Analysis-Ready, Cloud Optimized (ARCO) ERA5 is the fifth generation of the European Centre for Medium-Range Weather Forecasts (ECMWF) Atmospheric Reanalysis, providing hourly estimates of a large number of atmospheric, land, and oceanic climate variables. The Google Cloud Public Dataset Program hosts ERA5 data that spans from 1979 to August 2021, covering the Earth on a 30 km grid and resolves the atmosphere using 137 levels from the surface up to a height of 80 km.

A reanalysis is the "most complete picture currently possible of past weather and climate." Reanalyses are created from assimilation of a wide range of data sources via numerical weather prediction (NWP) models. Meteorologically valuable variables for land and atmosphere were ingested and converted from grib data to Zarr (with no other modifications) to surface a cloud-optimized version of ERA5. In addition, an open-sourced code base is provided to show the providence of the data as well as demonstrate common research workflows. This dataset includes both raw (grib) and cloud-optimized (zarr) files.

Use cases

ERA5 data can be used in many different applications, including:

  • Training ML models that predict the impact of weather on different phenomena
  • Training and evaluating ML models that forecast the weather
  • Computing climatologies, the average weather for a region over a given period of time
  • Visualizing and studying historical weather events, such as Hurricane Sandy

Thanks to the open data policy of the Copernicus Climate Change and Atmosphere Monitoring Services and ECMWF, this dataset is available free as part of the Google Cloud Public Dataset Program. Please see below for license information.

Dataset structure

The ARCO-ERA5 dataset is stored in five separate Zarr datasets, found in the Cloud Storage bucket gcp-public-data-arco-era5:

  • Model-level Moisture: The moisture-related variables and ozone mixing ratio on model levels.
  • Model-level Wind: The divergence, vorticity, temperature, and vertical velocity on model levels.
  • Single-level Surface: The surface geopotential and logarithm of surface pressure at the model's surface.
  • Single-level Forecast: 21 variables relating to solar/longwave radiation at the surface, precipitation amount and type, and snowfall depth and water content.
  • Single-level Reanalysis: 38 variables related to soil moisture/temperature, winds near the surface, temperature and moisture near the surface, total column water vapor and cloud condensate, total cloud cover, and sea-level pressure.
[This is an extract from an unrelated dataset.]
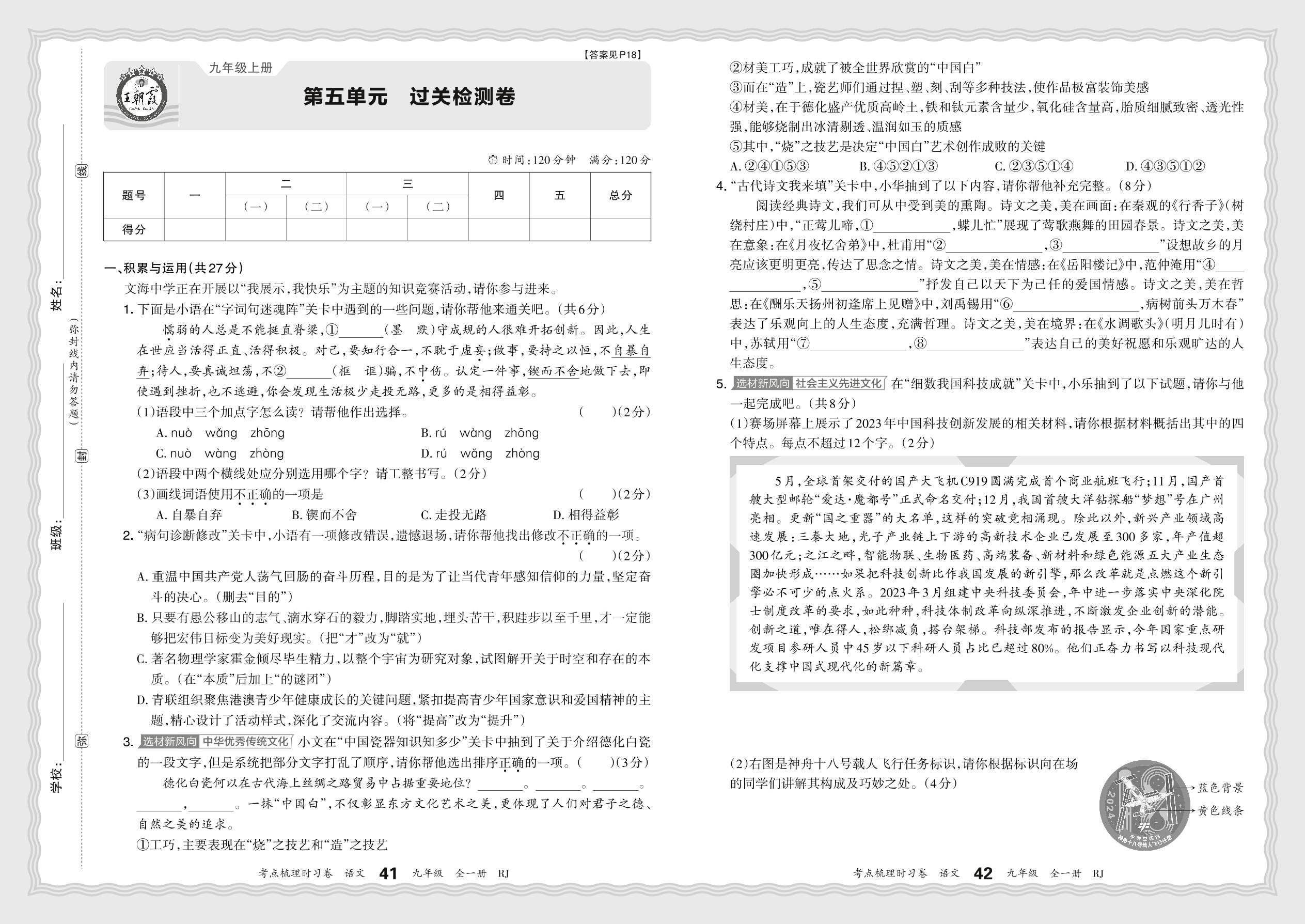 2024上册九年级语文人教版 第五单元 过关检测卷

For more information on which variables are included with each dataset, see the example Jupyter notebooks in the GitHub repository.

Data access

The following code snippet loads the single-level reanalysis dataset and displays a summary of the dataset:

import xarray
single_reanalysis = xarray.open_zarr(
    chunks={'time': 48},

For more examples using ARCO-ERA5 data in Python, see the example Jupyter notebooks.

About the dataset

Dataset Source: ECMWF - Generated using Copernicus Climate Change Service (C3S) Climate Data Store information.

Category: Atmospheric Science, Data Assimilation, Climate, Cloud Optimized, Meteorology, Reanalysis, Weather, Science & Research.
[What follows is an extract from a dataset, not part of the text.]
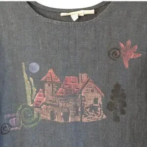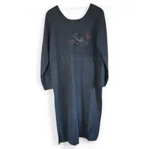 Vintage Lucky & Izzy M/L Linen Long Sleeve Dress Hand Painted Wearable Art Boho

Use: Use of ERA5 data is free of charge, worldwide, non-exclusive, royalty-free and perpetual. All users of Copernicus Products must provide clear and visible attribution to the Copernicus program. Neither the European Commission nor ECMWF is responsible for any use that may be made of the Copernicus information or data it contains. For full details of use, refer to the License to Use Copernicus Products.

Update Frequency: The ERA5 dataset is currently not refreshed in the Google Cloud Public Dataset Program. The program provides ERA5 data spanning from 1979 to August 2021.

Format: Raw files are in .grib format, re-gridded files are in .zarr files.

Cloud Storage Location: Data is stored in the bucket gcp-public-data-arco-era5, which is located in the us-central1 region.